Reputation: 494
We have two tables containing huge data. And we have to perform inner join between these two tables. Joining condition is based on 3 columns c1,c2,c3.
Need your help in writing an optimized query for the above scenario. Please refer to the data model below.
table1
c1,c2,c3,c4,c5
table2
c1,c2,c3
Appreciate your help.
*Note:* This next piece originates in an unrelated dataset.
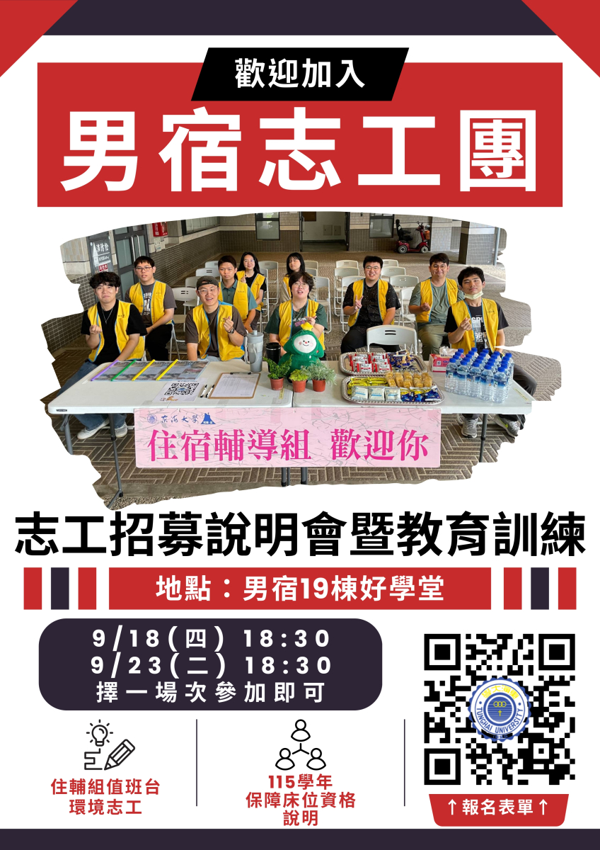 【志工】114學年一教宿舍志工招募資訊

Thanks.
Upvotes: 0
Views: 193
Reputation: 723
An inner join will give you all the rows that exist in both table 1 and table 2 as well as any extra combinations that exist with the other columns present in table 2. A left semi join like @dimamah mentioned will give you only those rows that are present in the left table 1.
For the first solution where you should expect more rows
SELECT t1.*
FROM table1 t1
INNER JOIN table2 t2
ON (t1.c1=t2.c1 AND t1.c1 = t2.c2 AND t1.c3 = t2.c3)
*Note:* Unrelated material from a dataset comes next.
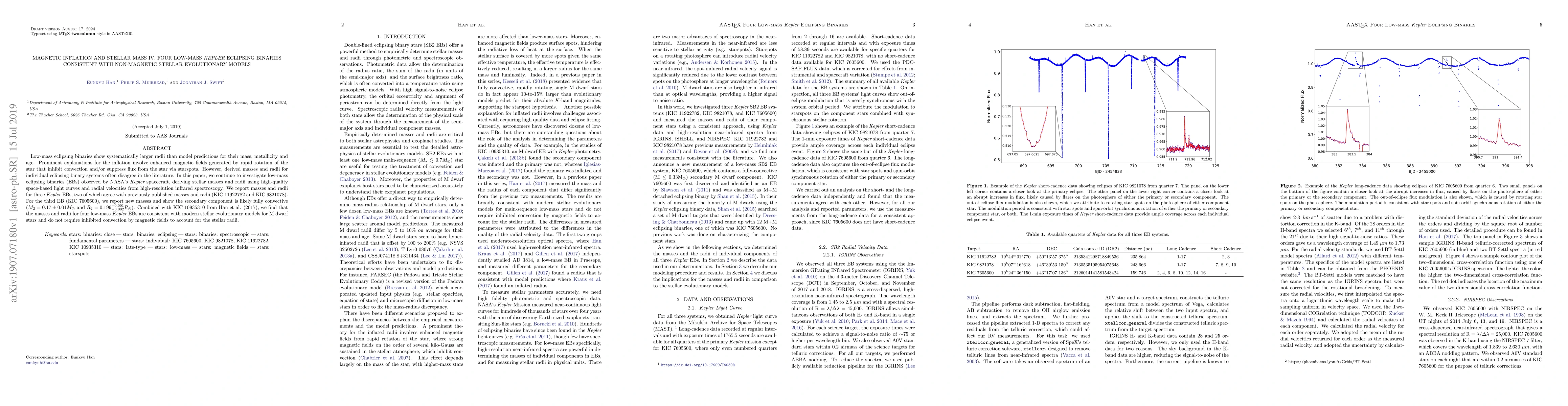 This paper investigates low-mass Kepler eclipsing binaries, finding that four systems' masses and radii align with non-magnetic stellar evolutionary models, challenging the hypothesis that magnetic inflation is necessary to explain their larger radii. The study uses high-quality light curves and spectroscopy to derive accurate stellar parameters.

For the second solution where you will get the same number of rows as t1
SELECT t1.*
FROM table1 t1
LEFT SEMI JOIN table2 t2
ON (t1.c1=t2.c1 AND t1.c1 = t2.c2 AND t1.c3 = t2.c3)
Upvotes: 0
Reputation: 2903
as it seems you are not using any new data from table2 and the logic is "return all rows in table1 that exist in table2". This is done by using left semi join
.
The number of records might increase if table2 is not uniqe (same combination of c1 c2 c3 appears more than once).
Upvotes: 1
Reputation: 771
If I understand Hortonworks' founder Owen O'Malley correctly, you may optimize it by writing
SELECT t1.* from table1 t1
JOIN (SELECT table2.* FROM table2) t2
ON (t1.c1=t2.c1 AND t1.c1 = t2.c2 AND t1.c3 = t2.c3)
Upvotes: 2